15 maggio 2014, 09:14

Vivicittà, il cuore oltre le sbarre di via Burla

Vivicittà entra in carcere e abbatte idealmente le barriere tra la città e il penitenziario di via Burla. Mercoledì mattina si è tenuta la consueta gara podistica a cui hanno partecipato un gruppo di detenuti, alcuni studenti dell’istituto Giordani, atleti dell’Uisp e una delegazione di dipendenti della Fondazione Cariparma. Testimonial dell’iniziativa il runner Paolo Bucci, della polisportiva Torrile, che partecipa ormai da alcuni anni all’iniziativa promossa da Azienda Usl, istituti penitenziari e Uisp in collaborazione con la Fondazione Cariparma. «Partecipo sempre volentieri a questa gara – ha spiegato – perché si tratta di un momento che arricchisce, nel quale condividere gioia e relax assieme ai detenuti. In passato guardavo il carcere con freddezza, ora invece nutro grande rispetto verso questo luogo».
Presenti alla corsa anche una decina di studenti del Giordani. «Siamo qui – hanno sottolineato Rosanna, Marina, Giada e Miriana – perché volevamo conoscere la realtà del carcere e fare qualcosa di buono per i detenuti. E’ stata una bella esperienza, che fa riflettere su cosa significa vivere in questo luogo».
Ha partecipato alla gara podistica anche Luigi Amore, segretario generale della Fondazione Cariparma, che ha guidato la delegazione di dipendenti. «La Fondazione partecipa al progetto da anni – ha rimarcato – perché crede fortemente nell’importanza di non isolare i detenuti per favorirne la rieducazione. Abbiamo deciso di partecipare alla corsa anziché limitarci a finanziare l’iniziativa, per testimoniare quanto ci stia a cuore questo progetto».
Francesco Ciusa, direttore dell’unita operativa salute nelle carceri, ha sottolineato come «grazie a queste iniziative la città entra nel carcere e favorisce l’integrazione sociale dei detenuti». L’iniziativa rientra nel progetto «La promozione del benessere psicofisico negli istituti penitenziari».

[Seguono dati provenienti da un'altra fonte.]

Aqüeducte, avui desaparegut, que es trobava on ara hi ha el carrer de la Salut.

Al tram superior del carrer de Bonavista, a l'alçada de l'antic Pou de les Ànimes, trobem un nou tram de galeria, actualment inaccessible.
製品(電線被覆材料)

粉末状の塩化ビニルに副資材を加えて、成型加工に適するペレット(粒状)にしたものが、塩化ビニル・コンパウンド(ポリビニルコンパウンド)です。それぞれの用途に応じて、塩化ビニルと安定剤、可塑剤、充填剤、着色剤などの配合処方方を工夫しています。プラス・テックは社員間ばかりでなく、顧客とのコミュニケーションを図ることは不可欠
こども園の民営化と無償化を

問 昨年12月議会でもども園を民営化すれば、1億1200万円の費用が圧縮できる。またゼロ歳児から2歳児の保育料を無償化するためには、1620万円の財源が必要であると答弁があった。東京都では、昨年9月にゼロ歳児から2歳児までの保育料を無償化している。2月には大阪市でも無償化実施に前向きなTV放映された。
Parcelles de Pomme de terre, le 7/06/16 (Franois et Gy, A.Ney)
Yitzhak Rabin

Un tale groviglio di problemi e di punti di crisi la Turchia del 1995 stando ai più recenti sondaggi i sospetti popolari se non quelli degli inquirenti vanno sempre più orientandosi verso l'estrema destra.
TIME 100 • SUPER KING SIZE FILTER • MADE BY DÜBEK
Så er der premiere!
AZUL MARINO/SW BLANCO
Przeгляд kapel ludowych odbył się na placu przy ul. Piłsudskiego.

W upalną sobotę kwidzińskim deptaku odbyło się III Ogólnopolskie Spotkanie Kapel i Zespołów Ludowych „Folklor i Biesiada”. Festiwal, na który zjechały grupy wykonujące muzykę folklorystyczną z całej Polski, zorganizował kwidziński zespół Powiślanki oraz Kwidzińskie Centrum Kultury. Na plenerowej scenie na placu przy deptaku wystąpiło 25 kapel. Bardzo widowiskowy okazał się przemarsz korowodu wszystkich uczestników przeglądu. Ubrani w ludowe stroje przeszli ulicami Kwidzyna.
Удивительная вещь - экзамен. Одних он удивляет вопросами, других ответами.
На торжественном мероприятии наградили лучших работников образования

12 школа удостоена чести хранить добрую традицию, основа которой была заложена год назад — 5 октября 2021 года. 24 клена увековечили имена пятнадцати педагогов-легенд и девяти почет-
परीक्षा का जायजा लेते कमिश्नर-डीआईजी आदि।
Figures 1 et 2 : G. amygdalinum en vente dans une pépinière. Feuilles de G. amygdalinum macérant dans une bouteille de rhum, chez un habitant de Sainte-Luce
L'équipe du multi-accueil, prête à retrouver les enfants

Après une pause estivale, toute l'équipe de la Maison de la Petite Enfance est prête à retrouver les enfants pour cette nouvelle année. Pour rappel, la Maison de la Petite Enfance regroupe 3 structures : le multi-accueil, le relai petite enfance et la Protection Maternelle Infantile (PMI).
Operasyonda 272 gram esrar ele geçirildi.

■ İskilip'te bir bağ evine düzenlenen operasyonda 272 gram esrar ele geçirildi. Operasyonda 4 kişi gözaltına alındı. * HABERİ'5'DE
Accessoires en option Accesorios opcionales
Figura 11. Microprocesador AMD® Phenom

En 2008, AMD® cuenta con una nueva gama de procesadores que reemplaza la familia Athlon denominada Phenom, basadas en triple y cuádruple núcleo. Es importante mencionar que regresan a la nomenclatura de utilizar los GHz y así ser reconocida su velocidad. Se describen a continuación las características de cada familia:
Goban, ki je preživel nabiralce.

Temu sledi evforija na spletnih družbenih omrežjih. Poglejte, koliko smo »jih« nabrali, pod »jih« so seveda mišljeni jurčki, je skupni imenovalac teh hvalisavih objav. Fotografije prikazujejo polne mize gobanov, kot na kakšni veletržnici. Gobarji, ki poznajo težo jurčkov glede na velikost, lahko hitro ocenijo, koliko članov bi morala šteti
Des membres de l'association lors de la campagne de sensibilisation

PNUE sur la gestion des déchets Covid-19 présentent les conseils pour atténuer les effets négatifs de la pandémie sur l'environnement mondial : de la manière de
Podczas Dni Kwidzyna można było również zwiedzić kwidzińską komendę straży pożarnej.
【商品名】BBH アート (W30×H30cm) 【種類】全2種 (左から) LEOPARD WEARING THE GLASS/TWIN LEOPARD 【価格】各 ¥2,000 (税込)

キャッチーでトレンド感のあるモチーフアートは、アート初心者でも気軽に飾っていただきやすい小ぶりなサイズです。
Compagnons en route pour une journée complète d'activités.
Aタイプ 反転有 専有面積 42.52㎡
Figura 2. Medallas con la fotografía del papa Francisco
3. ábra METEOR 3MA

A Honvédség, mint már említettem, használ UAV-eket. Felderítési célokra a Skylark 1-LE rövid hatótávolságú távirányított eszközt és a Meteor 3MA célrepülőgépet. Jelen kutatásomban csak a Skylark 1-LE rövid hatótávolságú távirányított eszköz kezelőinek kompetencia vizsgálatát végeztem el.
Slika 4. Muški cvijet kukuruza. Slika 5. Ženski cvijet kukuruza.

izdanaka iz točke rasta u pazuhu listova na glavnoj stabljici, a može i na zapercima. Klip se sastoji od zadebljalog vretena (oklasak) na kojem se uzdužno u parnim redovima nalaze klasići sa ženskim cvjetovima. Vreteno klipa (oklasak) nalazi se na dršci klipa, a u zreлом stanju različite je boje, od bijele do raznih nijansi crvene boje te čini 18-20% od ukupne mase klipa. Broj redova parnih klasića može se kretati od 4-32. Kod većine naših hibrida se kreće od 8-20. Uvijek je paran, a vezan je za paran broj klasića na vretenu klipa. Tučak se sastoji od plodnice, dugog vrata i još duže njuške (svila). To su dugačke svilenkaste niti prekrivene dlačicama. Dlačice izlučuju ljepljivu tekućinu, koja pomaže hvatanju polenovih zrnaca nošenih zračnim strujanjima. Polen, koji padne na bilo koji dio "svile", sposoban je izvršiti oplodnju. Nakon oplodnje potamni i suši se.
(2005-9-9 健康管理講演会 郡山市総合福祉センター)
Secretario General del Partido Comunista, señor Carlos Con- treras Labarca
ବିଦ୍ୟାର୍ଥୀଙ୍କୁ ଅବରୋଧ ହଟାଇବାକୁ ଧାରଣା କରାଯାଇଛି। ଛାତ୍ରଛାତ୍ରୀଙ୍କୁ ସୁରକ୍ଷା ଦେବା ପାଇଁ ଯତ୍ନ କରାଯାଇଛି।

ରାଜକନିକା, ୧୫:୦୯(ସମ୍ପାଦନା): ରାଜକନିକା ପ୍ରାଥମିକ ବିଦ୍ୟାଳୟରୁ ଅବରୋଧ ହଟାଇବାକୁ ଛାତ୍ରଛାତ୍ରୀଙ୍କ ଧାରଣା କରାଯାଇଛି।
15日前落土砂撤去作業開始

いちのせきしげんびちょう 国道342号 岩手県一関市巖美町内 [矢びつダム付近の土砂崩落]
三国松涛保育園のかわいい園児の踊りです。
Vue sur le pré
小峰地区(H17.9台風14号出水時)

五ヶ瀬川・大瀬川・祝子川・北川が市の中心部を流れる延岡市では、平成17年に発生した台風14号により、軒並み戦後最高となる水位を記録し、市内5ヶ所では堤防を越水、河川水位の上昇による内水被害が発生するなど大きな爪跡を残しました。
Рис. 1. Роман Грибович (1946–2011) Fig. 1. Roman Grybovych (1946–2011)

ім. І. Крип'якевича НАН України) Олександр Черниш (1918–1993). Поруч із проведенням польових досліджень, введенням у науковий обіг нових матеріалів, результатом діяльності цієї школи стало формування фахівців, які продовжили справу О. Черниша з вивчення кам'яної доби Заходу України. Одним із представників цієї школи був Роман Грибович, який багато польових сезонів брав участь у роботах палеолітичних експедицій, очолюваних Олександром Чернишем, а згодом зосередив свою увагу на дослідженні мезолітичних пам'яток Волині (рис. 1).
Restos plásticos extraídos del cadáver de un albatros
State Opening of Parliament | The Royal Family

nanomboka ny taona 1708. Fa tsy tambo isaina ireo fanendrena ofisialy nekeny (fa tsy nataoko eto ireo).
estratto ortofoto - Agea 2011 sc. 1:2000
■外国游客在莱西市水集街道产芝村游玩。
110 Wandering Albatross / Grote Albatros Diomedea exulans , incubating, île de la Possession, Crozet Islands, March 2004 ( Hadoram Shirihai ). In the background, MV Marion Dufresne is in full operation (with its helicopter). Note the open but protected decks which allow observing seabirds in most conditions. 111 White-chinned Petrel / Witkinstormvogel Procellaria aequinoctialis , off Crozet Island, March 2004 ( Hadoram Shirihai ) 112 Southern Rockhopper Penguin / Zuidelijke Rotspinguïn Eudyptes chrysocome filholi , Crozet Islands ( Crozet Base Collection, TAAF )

«L’attività sportiva – ha dichiarato Lucia Monastero, vice direttore dell’istituto penitenziario – è sempre molto apprezzata dai detenuti. Vivicittà è ormai un appuntamento fisso di grande importanza per la nostra realtà». Presenti all’iniziativa anche i rappresentanti di vari enti e realtà che hanno aderito all’iniziativa.